═════ DATA PROVIDED

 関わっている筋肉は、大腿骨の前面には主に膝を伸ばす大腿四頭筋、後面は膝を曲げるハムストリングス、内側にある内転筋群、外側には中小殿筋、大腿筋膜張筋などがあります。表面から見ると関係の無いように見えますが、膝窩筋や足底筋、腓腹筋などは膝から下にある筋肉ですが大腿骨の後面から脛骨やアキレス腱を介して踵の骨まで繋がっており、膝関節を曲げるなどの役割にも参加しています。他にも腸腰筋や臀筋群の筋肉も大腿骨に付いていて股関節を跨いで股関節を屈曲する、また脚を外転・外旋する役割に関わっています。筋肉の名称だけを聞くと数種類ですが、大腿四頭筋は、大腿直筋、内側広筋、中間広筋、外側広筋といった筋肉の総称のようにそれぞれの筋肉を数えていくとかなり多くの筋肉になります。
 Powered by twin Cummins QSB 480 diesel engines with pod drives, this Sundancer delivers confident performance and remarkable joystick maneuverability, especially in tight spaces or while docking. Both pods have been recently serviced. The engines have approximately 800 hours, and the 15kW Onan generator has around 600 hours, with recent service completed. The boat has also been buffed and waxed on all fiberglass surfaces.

══════════
═════ DATA PROVIDED

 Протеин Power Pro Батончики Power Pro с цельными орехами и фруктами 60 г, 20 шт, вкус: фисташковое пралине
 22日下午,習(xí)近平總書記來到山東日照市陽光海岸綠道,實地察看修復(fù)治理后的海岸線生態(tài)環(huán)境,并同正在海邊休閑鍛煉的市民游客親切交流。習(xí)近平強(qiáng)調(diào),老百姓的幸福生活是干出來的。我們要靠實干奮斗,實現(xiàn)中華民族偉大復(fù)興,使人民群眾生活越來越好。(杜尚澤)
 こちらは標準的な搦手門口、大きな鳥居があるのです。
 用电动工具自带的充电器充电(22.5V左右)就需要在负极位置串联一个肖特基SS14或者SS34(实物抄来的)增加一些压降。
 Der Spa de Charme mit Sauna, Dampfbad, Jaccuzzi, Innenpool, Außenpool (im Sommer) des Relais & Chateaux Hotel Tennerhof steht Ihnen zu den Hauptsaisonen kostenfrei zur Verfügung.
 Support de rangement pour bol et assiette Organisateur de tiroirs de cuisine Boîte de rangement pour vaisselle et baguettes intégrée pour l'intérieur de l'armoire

══════════

→ **TASK ITEM**: Find "用电动工具自带的充电器充电(22.5V左" in the entries above and copy that whole line exactly, then each line after it through the line that contains "Support de rangement".

→ **RESULT OF THE EXERCISE**:
 用电动工具自带的充电器充电(22.5V左右)就需要在负极位置串联一个肖特基SS14或者SS34(实物抄来的)增加一些压降。
 Der Spa de Charme mit Sauna, Dampfbad, Jaccuzzi, Innenpool, Außenpool (im Sommer) des Relais & Chateaux Hotel Tennerhof steht Ihnen zu den Hauptsaisonen kostenfrei zur Verfügung.
 Support de rangement pour bol et assiette Organisateur de tiroirs de cuisine Boîte de rangement pour vaisselle et baguettes intégrée pour l'intérieur de l'armoire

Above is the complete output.